Sometimes, progress comes at a price. Back in June, my DSL line got ‘vectorized’ and based on what I could see in my DSL router, there was hope to get a significant speed boost in uplink and downlink from the 50 Mbit/s and 10 Mbit/s I had subscribed to so far. After vectoring was activated I noticed, however, that the line was not as stable anymore as it used to be. Unlike before, when the connection was stable over many weeks, the router now re-synchronized with the DSLAM once every few days. Despite this, I decided after about a month to upgrade my subscription to 100 Mbit/s downlink and 40 Mbit/s uplink speed, as I was really keen to get the higher uplink speed. Unfortunately, things started to go seriously wrong after the upgrade.
Making Matters Worse
After changing my subscription, it took about a week before my line was ‘software upgraded’. After activation, I could see that the increased signal to noise ratio I got after vectoring was activated compared to the previous non-vectored connection was used to increase the line speed. I now got the advertised 100 Mbit/s speed in the downlink direction and around 36 Mbit/s in the uplink direction. That was really great! The SNR level is now where it was before vectoring was activated. Unfortunately, at the same time, the re-synchronization issue got worse and worse and I soon had several re-syncs per day.
Obviously this is far from ideal under any circumstances, especially because I run quite a number of servers at home which started to become unreachable several times a day for several minutes. Especially for large file transfers and long-living VPN connections, that’s an absolute disaster.
Switching to LTE
As things were not getting better, I decided to activate plan B and switch my cloud to my LTE backup connectivity. At 40 Mbit/s downlink and 40 Mbit/s uplink speed (measured during busy hour), this connectivity is more than adequate to support my services for some time. You can imagine how glad I was to have a plan B and to be able to just activate it and get some breathing space to debug the DSL line.
Analyzing the Issue
To make sure things were not broken on my end, I bought another DSL router, since I needed one for extra redundancy anyway. It didn’t do any good, however, as the issue persisted. Next, I changed the telephone cable, connected my cloud to another power socket, changed Ethernet cables and disabled all non-essential services. Unfortunately, all was to no avail and the resyncs continued to happen frequently.

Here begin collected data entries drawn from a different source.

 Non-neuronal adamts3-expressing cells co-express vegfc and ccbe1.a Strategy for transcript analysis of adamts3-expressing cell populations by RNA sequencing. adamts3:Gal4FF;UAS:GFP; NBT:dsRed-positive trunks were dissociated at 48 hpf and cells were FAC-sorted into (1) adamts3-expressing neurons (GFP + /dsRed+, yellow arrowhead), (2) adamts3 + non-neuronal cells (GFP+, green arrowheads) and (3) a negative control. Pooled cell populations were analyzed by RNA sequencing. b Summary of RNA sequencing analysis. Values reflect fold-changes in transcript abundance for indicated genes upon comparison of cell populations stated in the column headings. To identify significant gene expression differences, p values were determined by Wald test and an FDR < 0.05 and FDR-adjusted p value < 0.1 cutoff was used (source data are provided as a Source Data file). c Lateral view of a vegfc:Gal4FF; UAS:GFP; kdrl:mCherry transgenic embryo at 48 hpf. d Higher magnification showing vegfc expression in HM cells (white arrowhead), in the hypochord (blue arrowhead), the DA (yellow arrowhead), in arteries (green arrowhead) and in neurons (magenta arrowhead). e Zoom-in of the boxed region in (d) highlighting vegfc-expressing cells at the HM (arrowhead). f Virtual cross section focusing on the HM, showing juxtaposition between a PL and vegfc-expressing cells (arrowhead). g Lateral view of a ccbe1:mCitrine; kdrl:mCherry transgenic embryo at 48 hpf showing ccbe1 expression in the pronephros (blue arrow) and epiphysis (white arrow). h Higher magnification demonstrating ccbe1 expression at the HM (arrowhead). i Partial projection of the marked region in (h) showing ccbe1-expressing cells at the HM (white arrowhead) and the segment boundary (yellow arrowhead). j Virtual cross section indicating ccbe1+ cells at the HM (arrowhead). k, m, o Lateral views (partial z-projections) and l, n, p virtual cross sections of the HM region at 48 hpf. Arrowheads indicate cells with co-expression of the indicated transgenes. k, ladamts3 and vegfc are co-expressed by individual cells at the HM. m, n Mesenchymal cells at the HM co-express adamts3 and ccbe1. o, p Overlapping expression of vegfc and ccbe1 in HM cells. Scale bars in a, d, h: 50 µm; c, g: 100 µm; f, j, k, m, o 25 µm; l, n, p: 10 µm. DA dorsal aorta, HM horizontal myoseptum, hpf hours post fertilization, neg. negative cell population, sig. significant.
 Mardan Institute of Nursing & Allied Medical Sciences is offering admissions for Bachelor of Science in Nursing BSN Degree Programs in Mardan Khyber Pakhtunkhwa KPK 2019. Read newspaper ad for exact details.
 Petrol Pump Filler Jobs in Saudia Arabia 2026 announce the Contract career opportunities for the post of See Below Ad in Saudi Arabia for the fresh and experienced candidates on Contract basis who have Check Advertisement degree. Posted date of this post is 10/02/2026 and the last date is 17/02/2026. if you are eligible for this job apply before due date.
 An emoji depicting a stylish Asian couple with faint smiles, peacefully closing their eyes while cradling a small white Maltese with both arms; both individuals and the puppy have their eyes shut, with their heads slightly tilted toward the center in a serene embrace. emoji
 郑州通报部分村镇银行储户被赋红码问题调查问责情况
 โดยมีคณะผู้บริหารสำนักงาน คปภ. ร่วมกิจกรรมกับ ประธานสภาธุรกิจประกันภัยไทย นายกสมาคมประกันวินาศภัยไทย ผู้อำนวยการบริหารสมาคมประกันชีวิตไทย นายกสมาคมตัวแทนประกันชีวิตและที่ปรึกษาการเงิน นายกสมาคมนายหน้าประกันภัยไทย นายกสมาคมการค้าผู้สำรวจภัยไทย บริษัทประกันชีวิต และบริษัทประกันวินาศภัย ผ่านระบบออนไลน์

The Thing With The Neighbor
Time to call customer support. After a line reset at their end that didn’t help, a technician was scheduled to come over two days later. In the meantime, a neighbor told me that she also had issues with her DSL line since she upgraded. After taking a look at her DSL router logs, I could see that she had the same problem but even worse. 20 re-syncs a day on her line was not an exception and she also opened a ticket in the meantime to get help.
Fixing Things – One Step At A Time
I have to say I was a bit afraid that this would be a difficult issue to fix. In general, the line looked absolutely perfect to me. The SNR level was o.k., no errors on the line and then, suddenly, out of the blue, a DSL re-sync. The technician also couldn’t find anything on our lines despite bringing measurement equipment and running many tests over the course of an hour. In the end, he did what is usually done when the line checks out fine, he changed the port in the DSLAM. In a first instance, he only rewired the port of my neighbor to a different port. This immediately made a big difference as the number of resyncs went down to around one every two days. Still not perfect but we were getting somewhere. In a next step my line was also changed to another port and since then my line resets were further reduced to about one per week. The picture at the beginning of the post shows how things looked like before and after with the red arrow indicating when my neighbors port was rewired.
A Word On LTE Stability
In the meantime, my cloud services ran over my LTE backhaul for a good 10 days without a line glitch and I’m mightily impressed with the stability of the LTE network. At the same time, my DSL line issues have shown how sensitive copper lines have become when it comes to cross talk and other RF issues. How I wished we could finally get fiber into the house…
we had the same problems… finaly it was two different problems: 1.) cpu card in outdoor dslam was broken and toggled somehow (after exchanging the master cpu card it became much much better)
2.) old Fritzbox 7390. After replaxing to 7590 everything is fine since many months (exept the weekly SW updates on monday between 02:00 and 03:00 in our telecom PBX
Wolfgang
“At the same time, my DSL line issues have shown how sensitive copper lines have become when it comes to cross talk and other RF issues.”
These copper lines have been put there 30-40 years ago when no one even imagined what bandwidth and datarates are possible today with such advanced modulation and coding schemes.
But you are absolutely right. This clearly shows that every penny invested in copper based technologies is a wasted penny that would have been better spend rolling out fiber!
There is a maximum you can reach with reasonable effort. And every effort put into the stretch of that maximum is simply wasted when fiber has soooo much room for growth – if done correctly and not done short-sighted again.